List fonts used by a Word Document (faster method)

Peter picture Peter · Mar 10, 2011 · Viewed 21.9k times · Source

I am working on a process for validating documents to make sure that they meet corporate standards. One of the steps is to make sure that the Word document does not use non-approved fonts.

I have the following stub of code, which works:

    Dim wordApplication As Word.ApplicationClass = New Word.ApplicationClass()
    Dim wordDocument As Word.Document = Nothing

    Dim fontList As New List(Of String)()

    Try
        wordDocument = wordApplication.Documents.Open(FileName:="document Path")
        'I've also tried using a for loop with an integer counter, no change in speed'
        For Each c As Word.Range In wordDocument.Characters
            If Not fontList.Contains(c.Font.Name) Then
                fontList.Add(c.Font.Name)
            End If
        Next

But this is incredibly slow! Incredibly slow = 2500 characters/minute (I timed it with StopWatch). Most of my files are around 6,000 words/30,000 characters (about 25 pages). But there are some documents that are in the 100's of pages...

Is there a faster way of doing this? I have to support Office 2003 format files, so the Open XML SDK isn't an option.

--UPDATE--

I tried running this as a Word macro (using the code found @ http://word.tips.net/Pages/T001522_Creating_a_Document_Font_List.html) and it runs much faster (under a minute). Unfortunately for my purposes I don't believe a Macro will work.

--UPDATE #2--

I took Chris's advice and converted the document to Open XML format on the fly. I then used the following code to find all RunFonts objects and read the font name:

    Using docP As WordprocessingDocument = WordprocessingDocument.Open(tmpPath, False)
        Dim runFonts = docP.MainDocumentPart.Document.Descendants(Of RunFonts)().Select(
                            Function(c) If(c.Ascii.HasValue, c.Ascii.InnerText, String.Empty)).Distinct().ToList()

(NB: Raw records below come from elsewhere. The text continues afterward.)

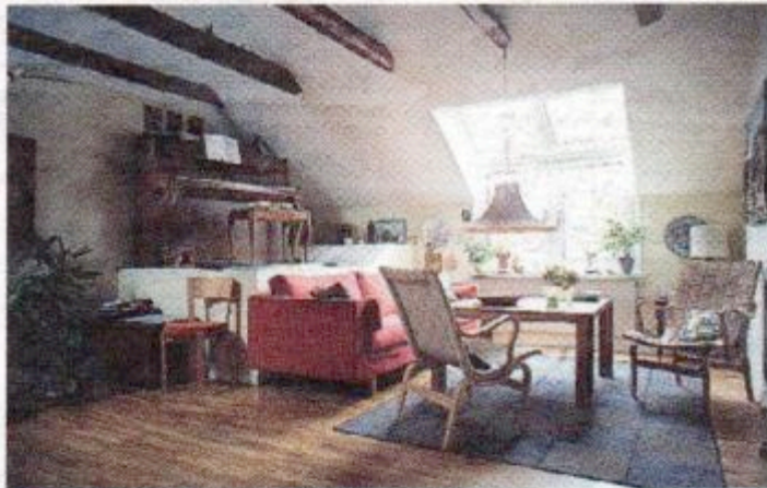
Ett rum med utsikt. Pionjärerna Ulla och Lennart Nord har den största lägenheten, en femma, som ligger högst upp i huset. Klara dagar kan de se Domkyrkans spiror.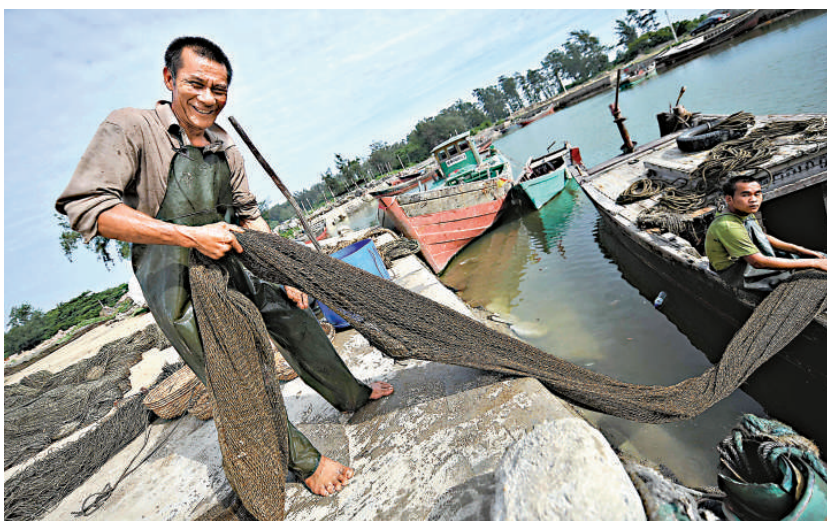
▲海口市三聯漁村的漁民 16 日在收網休漁

美聯社報導稱，越南外交部發言人在發表於越南外交部網站的聲明裡稱，越南認為中方的休漁決定是「無效的」。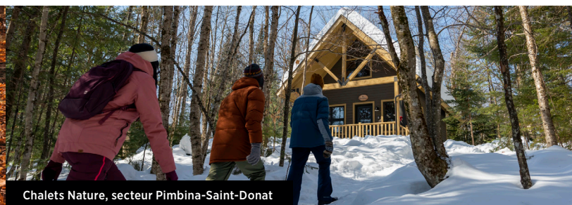
Chalets Nature, secteur Pimbina-Saint-Donat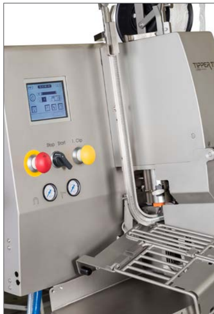
Легкая очистка благодаря гладким поверхностям.

Сенсорный экран, память на 50 исполняемых программ Управление машиной KDCMA производится с сенсорного экрана. Эта современная система управления с интернациональными символами (пиктограммами) удовлетворяет всем мыслимым желаниям в отношении комфорта, гигиены и эффективности. Интерфейс включает в себя функции счетчика остановок, порций в минуту, меню системных настроек, меню выключателей машины, протокол ошибок, меню настроек продукта позиции ошибки, теста петель, теста этикеток, индикации пуска дозатора.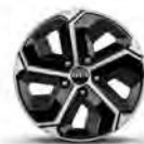
HEV ja PHEV 16"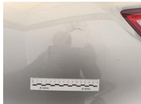
Fot. 46 Pokrywy bagażnika - Inne 1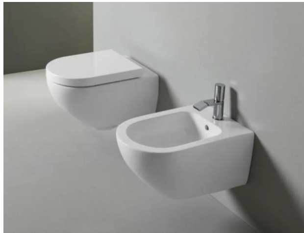
Ceramica Cielo mod. Enjoy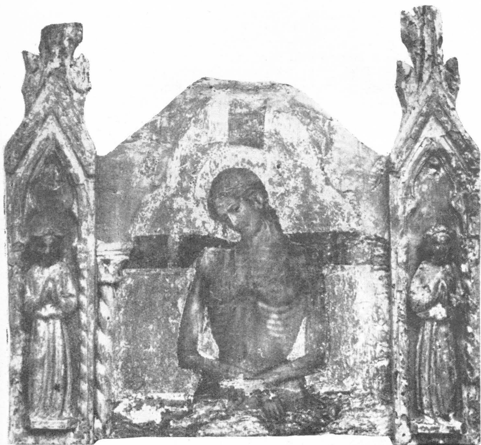
35. Ulomak poliptiha iz Luke na Dugom Otoku

AC LVCAS FILIVS) god. 1564. 8) Centralni dio pale se sastoji od starijeg triptiha, domaće škole XV. st. Lica Madone, malog Krista i svetaca na krilima potsjećaju nas na fiziognomije pašmanskih svetaca, a po fotografiji slike sv. Mateja s lijevog krila, koja je snimljena kad se sa slike skinuo okov 9) vidi se mnogo detalja sličnih pašmanskim slikama: crvena pozadina, meka modelacija nabora, zlatne aureole crno obrubljene, veoma slična modelacija ruku. Nisam bio još u mogućnosti da sam skinem okov i proučim slike, tako da ne mogu tvrditi da su one toliko srodne pašmanskima, koliko su pašmanske srodne međusobno.

        fontList.AddRange(runFonts)
    End Using

Answer

Chris Haas picture Chris Haas · Mar 10, 2011

You might have to support Office 2003 but that doesn't mean you have to parse it in that format. Take the Office 2003 documents, temporarily convert them to DOCX files, open that as a ZIP file, parse the /word/fontTable.xml file and then delete the DOCX.